This past week, Bluestockings Boutique released their first ever queer lingerie photo shoot. All models were LGBTQIA+ identified, along with the photographer, makeup artist, and boutique owner. It was an intersectional affair from start to finish, and the results are most excellent — proof positive that queer feminists should be in charge of everything.
Bluestockings is a queer owned, queer-inclusive, eco-friendly lingerie and underthings retailer with a mission to empower “people who have been marginalized by the mainstream lingerie industry and to offer them an experience that reflects their identities, their bodies, and their values.” As boutique owner Jeanna Kadlec has explained on the Bluestockings blog, the lingerie industry has a long history of exploiting homoeroticism between women while simultaneously ignoring its LGBTQIA+ customers. For her own company, she felt strongly about producing original imagery for the store that would represent queer and trans bodies and identities in a realistic, respectful, body positive way — in spite of the severe financial limitations she faces as an independent, queer businesswoman.
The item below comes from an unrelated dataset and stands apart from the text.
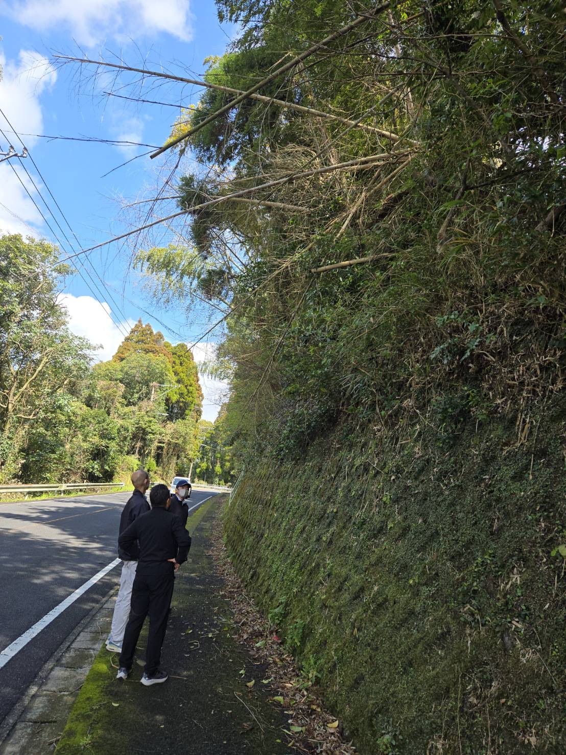 ご覧の通り、道路に面した竹が枯れ落ちてきてしまいそうな現場です。

“Launching Bluestockings was an entirely uphill battle. I had no business background, no industry connections. Most powerfully: I had no money,” she wrote frankly. “The most salient example of how financial limitations as a new business owner affects the photo shoot? I can afford one day of shooting. That’s it. This means that I can’t afford to reshoot every product with multiple models from multiple angles … There are 140+ products here. Shooting all of them on multiple people? We are talking days and days of shooting, which, bluntly, would wipe the business out financially. This photo shoot is not going to be representative of all queer people for all time. It’s one photo shoot.” Still, after saving Bluestockings’ business profits for four months in order to be able to afford the photo shoot, she was determined to make it count.
Prior to the shoot, Jeanna, the models, and photographer Michelle Davidson-Schapiro met at a queer-owned coffeeshop to talk about what they wanted out of the shoot. They collaborated to establish hard limits (for example: no lace, no pink) and discuss special requests (for example: nerdy board games as props). Looks were created that took into consideration what the models said they wore in their everyday lives. And following the shoot, per the agreed upon retouching policy, none of the models’ bodies were altered or edited (with the exception of removing one tiny bruise from one of the models’ legs).
“Getting to wear pretty underwear was definitely a plus, but the photo shoot provided an opportunity to embrace and show off my body in an affirming setting, which isn’t something that (at least in my experience) the world offers trans women terribly often,” model Alexis Edwards told Autostraddle. “Also, I got a couple of my very favorite bras from Bluestockings, which is a pretty big deal given how much of my transition I’ve spent despairing of ever finding comfy, cute bras for those of us with smaller breasts and wider chests.”
“Now that the photos are out, it’s been fucking incredible to see the positive feedback from other transfeminine folks who are grateful to see a trans woman modeling,” Alexis continued. “I work for a Boston-based transgender advocacy organization, and finding positive ways to represent trans bodies is something that I think about a lot. Most clothing isn’t designed with trans people in mind, and we’re never taken into account in photos or product descriptions. It’s incredibly difficult to imagine yourself wearing a piece of clothing comfortably when everything signals that it’s not for you, even more so for something as gendered and emotionally-charged as underwear. I really hope that more queer-friendly retailers take Jeanna’s cue, because it’s a huge deal to see other queer and trans folks wearing high-quality lingerie, which is usually coded as the exclusive purview of middle-class cis-hets.”
On their personal blog, another model Lore Graham characterized the photo shoot as “one of the most body-positive and gender-affirming experiences I’ve had in my life.” They elaborated, “Getting my breasts and internal reproductive organs removed was a vital step towards being happier with my body and confirming my nonbinary gender. However, we still live in a society with a lot of narrow beauty standards that glorify and sexualize breasts, while scars are viewed as unappealing, if not downright ugly. I still struggle with some of these messages, since I internalized many societal beauty standards while being raised as a girl. As such, being part of the photoshoot was a little bit scary for me, but I wanted my nonbinary self to be visible through this photo shoot, scars and all.”